- Born: Rogelio Figueroa García September 13, 1963 (age 61) Naguabo, Puerto Rico
- Occupation(s): Engineer, politician

= Rogelio Figueroa =

Puerto Rican politician

Rogelio Figueroa García (born September 13, 1963 in Naguabo, Puerto Rico) is a Puerto Rican engineer and politician. He is the president and co-founder of the Puerto Ricans for Puerto Rico (PPR) party, and served as their gubernatorial candidate for the 2008 general elections. He was also the gubernatorial candidate for the 2012 general elections.

==Early life and studies==

Rogelio Figueroa García was born on the Municipal Hospital of Naguabo, Puerto Rico and raised near by in the community of Parcelas Aguas Claras in Ceiba. He is the youngest of nine children of farmer Sotero Figueroa Pomales and housewife Juanita García Noble.

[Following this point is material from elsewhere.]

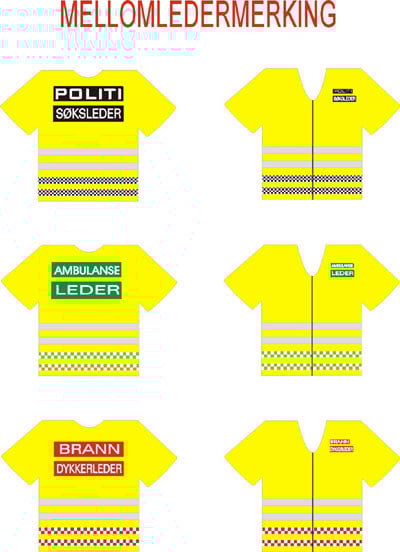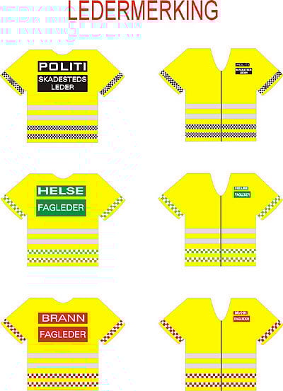 Når det gjelder fagmerking så skal alle vestene være merket med henholdsvis POLITI, HELSE eller BRANN. Ledervestene skal for politi også merkes med skadestedsleder, mens det for helse og brann skal merkes med fagleder. Merking av vestene på mellomledernivå må utformes og tilpasses av den enkelte etat. Her må man blant annet se hen på både funksjon/oppgaver og lokale forhold. Vester for menig mannskap skal kun ha etatsmerking.
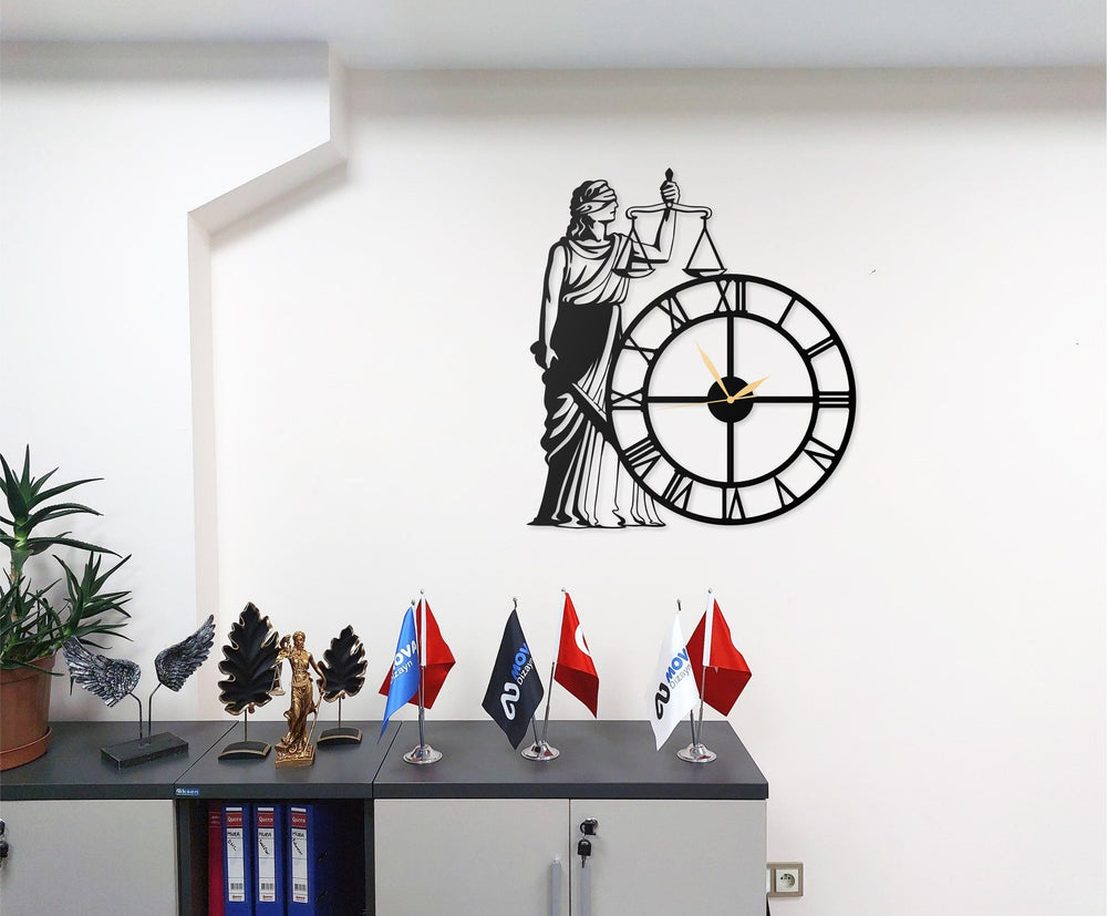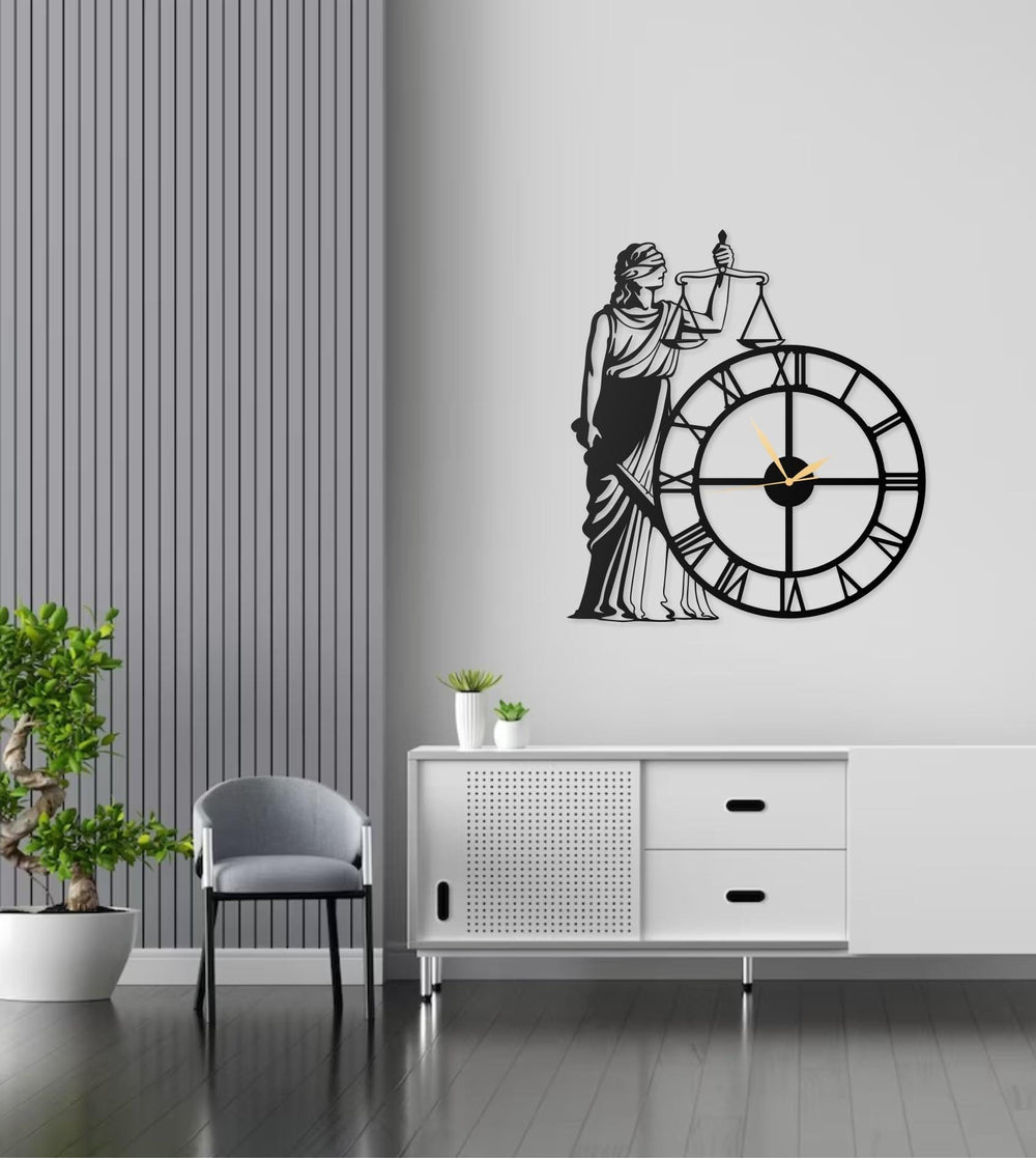 Lady Justice Metal Wall Clock Legal Themed Decorative Wall Clock with Roman Numerals for Lawyers, Law Offices&Home Decor (15.75 x 17.7 in)

Figueroa began his studies in Ceiba, and continued in Naguabo. He attended the Rafael Rocca High School in that town, graduating in 1981. In 1986 he graduated magna cum laude with a Bachelor of Chemical Engineering at the University of Puerto Rico at Mayagüez. In 1988 he obtained his Masters in Chemical Engineering from Ohio State University.

==Professional career==

Figueroa has worked in the manufacturing and pharmaceutical industry from 1988 to 1995. He has worked in the design and improvement of industrial systems and processes. He has also worked as an entrepreneur of industrial technical services, documentation and information systems for the pharmaceutical and biotechnologic industry. He is also an entrepreneur in the construction of green buildings, the development of alternatives of renewable energy and the handling of solid waste for the production of energy.

Figueroa has worked with community organizations as an adviser in environmental issues, and has worked in projects as the dredging of Carraízo and the Route 66, among others.

==Political career==

Figueroa founded the Puerto Ricans for Puerto Rico Party (PPR). He participated in the 2004 general elections as a write-in gubernatorial candidate.

In May 2007, the party was officially inscribed for the 2008 general elections. Figueroa received a total of 53,693 votes (2.77%), finishing third among the four gubernatorial candidates.

Figueroa ran as a gubernatorial candidate for the 2012 general elections.